Friday, January 7, 2011

The Courage to be Crap and not Compete

I had to link to this blog post about writers not having to compete against each other.  It's about the myth that writers and books have to compete with each other.  Like people only buy one book in their lifetimes.  Really, the opposite is true - at least in my opinion.  People who like to read buy books.  Plural.  And lots of them.  They like a book and look for similar ones.  This is why Amazon's "people also bought" works so well.  One book succeeds and all of those linked to it do a lot better too.  I've talked about this before, I believe we will all ride on the coattails of somebody else's fame - it's a co-operative effort despite our claims of independence. 

On that particular article I linked to, there's the idea that indies are more likely to feel in competition with each other - and with traditionally published books too.  Bingo.  So very true.  Hang out on any writer's forum and this is the kind of atmosphere you'll eventually find.  Some get a tiny bit obsessed with what everyone else is doing and how to emulate it.  Unfortunately, the minority get a little bitter and twisted about how those they perceive as being less talented than them are doing so well with little effort.  (I know for a fact A Little Girl bugs the shit out of one or two people - in a good-natured sort of way - because I've never exactly ran around promoting it but it's a steady (but not great) seller.  It's okay, I'm baffled too). 

Lately, I've been a little saddened by a number of attitudes (by people I've thought were cool/nice/smart enough not to get dragged down by this) towards some who are quite successful even though they aren't the most skilled in the way of editing/grammar/spelling/etc.  I can't respect someone who makes snide remarks about their thoughts on another person's level of talent in a passive-aggressive sort of way.  If you think they aren't doing a good job then help them, why put them down and wait for readers to embarrass them?  To quote the post I linked to earlier:

If your book sucks, your story is dull, your cover bad and unreadable, it isn’t another writer’s fault. That is your fault.

Basically, my attitude is this.  If a writer is successful, they are doing something right - even if you think they are awful, awful writers (I'm sure Stephenie Meyers is very upset by claims of her lack of talent, yet remains well-buffered by her wads of cash).  If you aren't doing as well, maybe you're missing something.  You.  Don't waste time blaming somebody else.  Keep writing, work hard and you will get there when your time comes, there's room for lots of people to do well, chill. 


I read Dean Wesley Smith's blog regularly and get a kick out of it.  He writes those wake up and smell the coffee type posts wherein he sounds incredulous that people would even come up with this shit.  Love it.  If you're ever getting wrapped up in your own ego and what everyone else is doing and achieving, stop comparing rankings and sales long enough to read some of his blog posts and get a quick kick up the arse that will send you back down to earth where you belong. 

He writes posts like Dare to be Bad, which truly resonates with me.  In that one, he talks about being confident enough to send the work out to stand on its own legs before you edit and rewrite it to death.  I'm so not saying people don't need to edit - just, you know, learn to quit while you're ahead.  :)
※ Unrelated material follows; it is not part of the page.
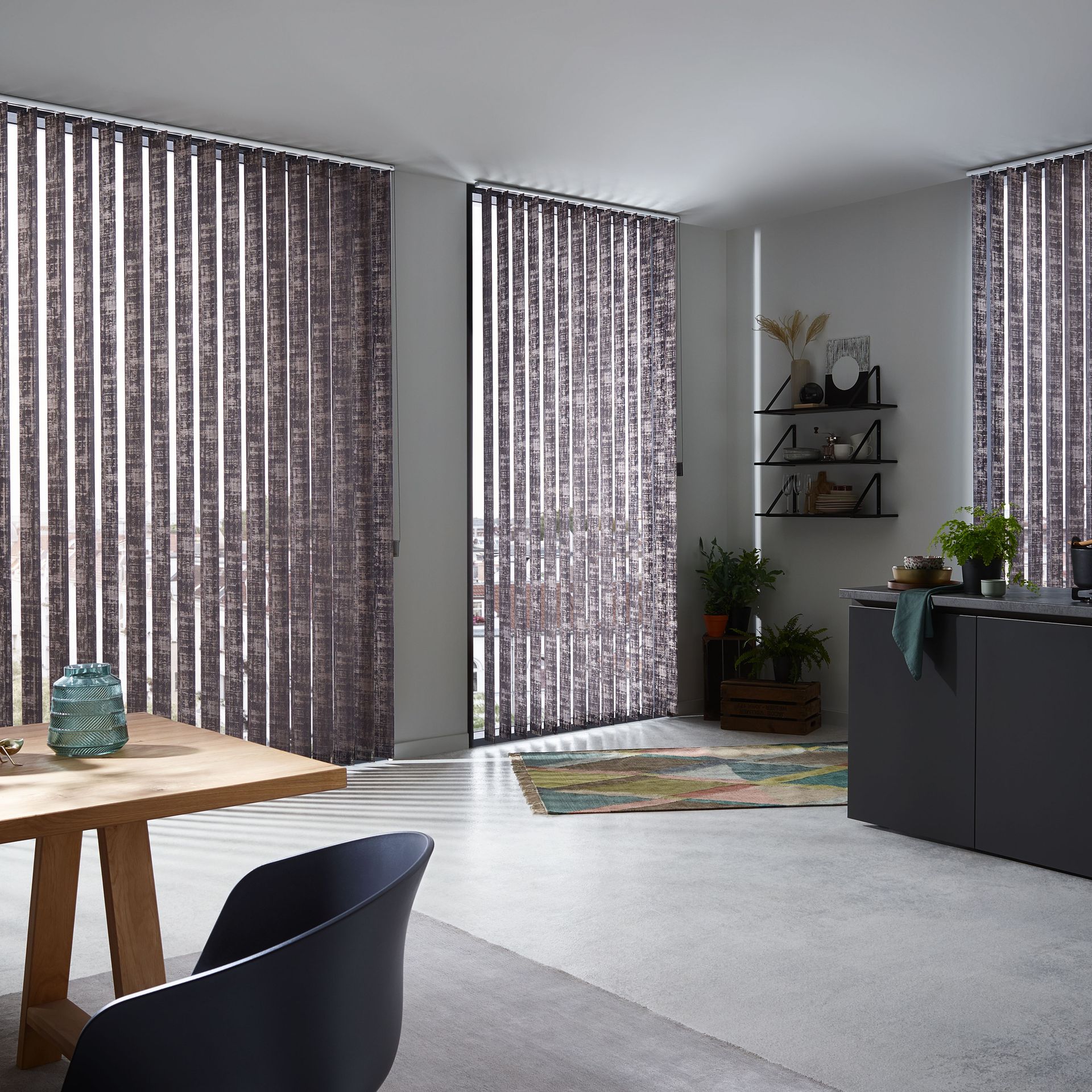 Wie wirkt ein Raum höher? Indem man das Vertikale betont. Diesem einfachen Gesetz folgt die Vertikaljalousie und schafft durch ihre großzügigen Lamellen ein Gefühl von Höhe, Freiheit und Luftigkeit. Sehr reduziertes Design und eine minimalistische Formensprache schaffen ein puristisches Ambiente, das Raum für Funktionalität lässt. Deshalb sind Lamellenvorhänge vor allem im Objektbereich und in der modernen Architektur sehr beliebt. Funktional sorgen sie für maximalen Sonnen- und Hitzeschutz, wobei durch die je nach Sonneneinstrahlung breiteren oder schmäleren Sichtschlitze - je nach Regulierung der Lamellen - für den nötigen Durchblick nach außen gesorgt und umgekehrt die Privatsphäre gesichert ist. Das Streulicht sorgt für ein angenehmes Lichtklima.

This post reads as though it were written for me specifically.  Seriously, I edit and tweak the life out of everything.  I thought I hated editing (okay, I do, but not as much as I thought) because I have one manuscript in particular I just can't finish.  I've edited it so much, I've lost the heart of the story.  I've edited out the humour, the originality and everything that made me smile when I reread it.  I'm left with something that is technically better but a lot less fun to read. 

My problem is twofold.  I don't know when something is finished and I'm terrified of disappointing people.  I got over it a little when I published A Little Girl and One Night.  I disappointed enough people that I wasn't scared of it anymore.  :)  I'm fine with people not liking something but I have a problem with feeling like I took money from someone and disappointed them.  Negative comments don't actually hurt me though.

I learned things I would apply to other stories so I was happy with the feedback, good and bad.  Then I went back to work on a novel and lost my confidence (or courage) again.  I forced myself to publish something else before 2010 finished because it was a now or never sort of thing.  I hadn't finished anything all year and was holding myself back.  If I didn't publish Thirst when I did, I would have tweaked it for the next three years and probably ended up giving up on it.  I sent it out, listened to feedback and now believe it's not as good as I thought but not as bad as I panic-nightmared.  :)  Some people liked it, some people thought it was just okay and nobody's opinion killed me. 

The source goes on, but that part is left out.